Wednesday, August 14, 2019

Ljubomir Stefanov and Tamara Kotevska | Honeyland

hatidze’s bees
by Douglas Messerli

Ljubomir Stefanov and Tamara Kotevska (directors) Honeyland / 2018, USA 2019

As one reviewer commented it is almost hard to believe that the new documentary Honeyland, set in a almost totally unpopulated Macedonian territory, is not a scripted film art-film. But when you realize that the filmmakers Ljubomir Stefany and Tamara Kotevska spent three years with their subjects, working in a hut without any indoor lighting in the house of a middle-aged women (Hatidze Muratova, who looks alas far older than her years) and her dying mother, Nazife, you begin to perceive that the golden tones you are witnessing are those of firelight, of natural lighting, and the landscape itself.

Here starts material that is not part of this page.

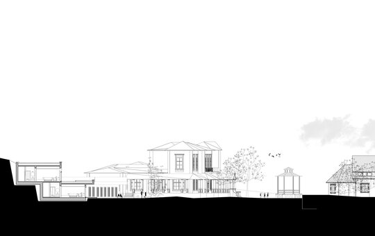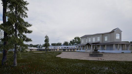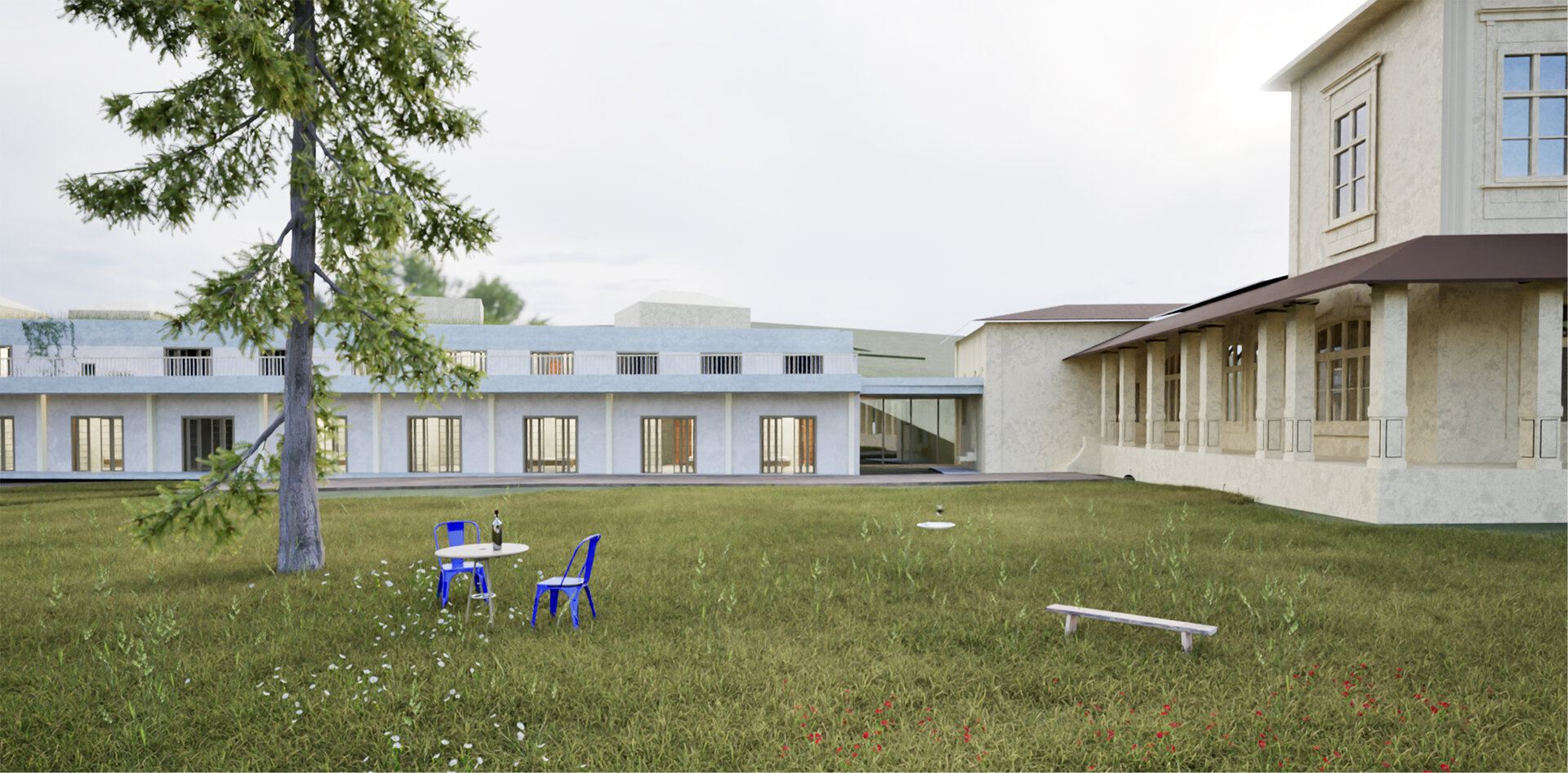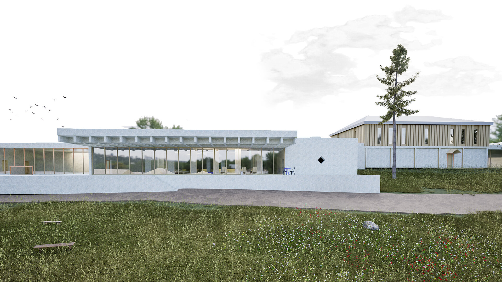 Arhitectura acestui centru își propune să impresioneze prin tăcere, fiind dispusă în plan secundar față de Conacul Monteoru, piesa principală a acestui ansamblu. Volumetria este inserată sensibil în peisaj fără să tulbure echilibrul existent. Compoziția devine o extensie a naturii, cu un paletar cromatic ce se încadrează in peisajul pitoresc.

      Much of the goldenness of this film has to do with the major activity of Hatidze, beekeeping. She attends to bees, always in natural locations (a hidden beehive high in a mountain pass, another in a local tree), the buzzing hives members almost seeming to recognize her gentle relationship with them: she takes, always, only half of their honey, leaving the rest for them to survive. Although she has a bit of smoke to protect herself, they never seem to bite her. Indeed, she, in her ochre blouse and deep green scarf, seems to take on all challenges with great aplomb, including the caregiving to her 85-year old mother, who can no larger even sit up. As her mother, herself, realizes: “I’m not dying, I’m just making your life misery.”
       When she acquires enough of the precious honey, Hatidze bottles it, traveling by train to Skopje to sell the precious amber liquid, at a high enough price, evidently, that she and her mother can purchase what they need to survive on for several more months. Winter, when the bees grow dormant, represents a clearly difficult period for the couple, but during the spring, summer, and fall, this is truly a kind of honeyed-land.
        And it may have remained a land of “milk and honey” until the caravan of Turkish neighbors suddenly arrive, setting up camp next to her and her mother’s hut, with a passel of hungry children, a trailer truck, and an entire herd of scrawny cows.
        You might have thought that the quiet and secluded Hatidze might have met their sudden intrusion with fury, but instead she greets them with friendship, even taking one of the neighbor Hussein’s young son into her confidence, explaining how to be an expert beekeeper by taking only half of everything they produce so that that they can survive as a colony. He is entranced by her gentle explanations and is almost ready to become the son she has never had.
        But his inattentive father soon brings in dozens of beehive containers, delighted when he suddenly finds, after selling some of the honey, that he can now properly feed his voracious family. But soon after, egged-on by a city speculator, he becomes determined to produce an almost impossible amount of honey, obviously saving none for the bees themselves who bite him and several of his children, quickly moving on to kill Hatidze’s bees.
       At one point, her new neighbor even cuts into a tree in which the bees have long inhabited, stealing some of the honey upon which Hatidze and her mother have counted to help support their meager lives. Without even having to speak, the film makes the dangers of inattention to nature and the greed of intruders in such a natural environment. I suspect that these filmmakers had not even imagined that their original movie about a sort of sacred creed with the natural world would turn into a moral lesson for those who have no respect for that world.
      Although the Turk’s cows begin to calve, most of them die, which Hussein claims is due to the inattention of his wife but is more likely a problem of the lack of sufficient corn and other foods with which he feeds them.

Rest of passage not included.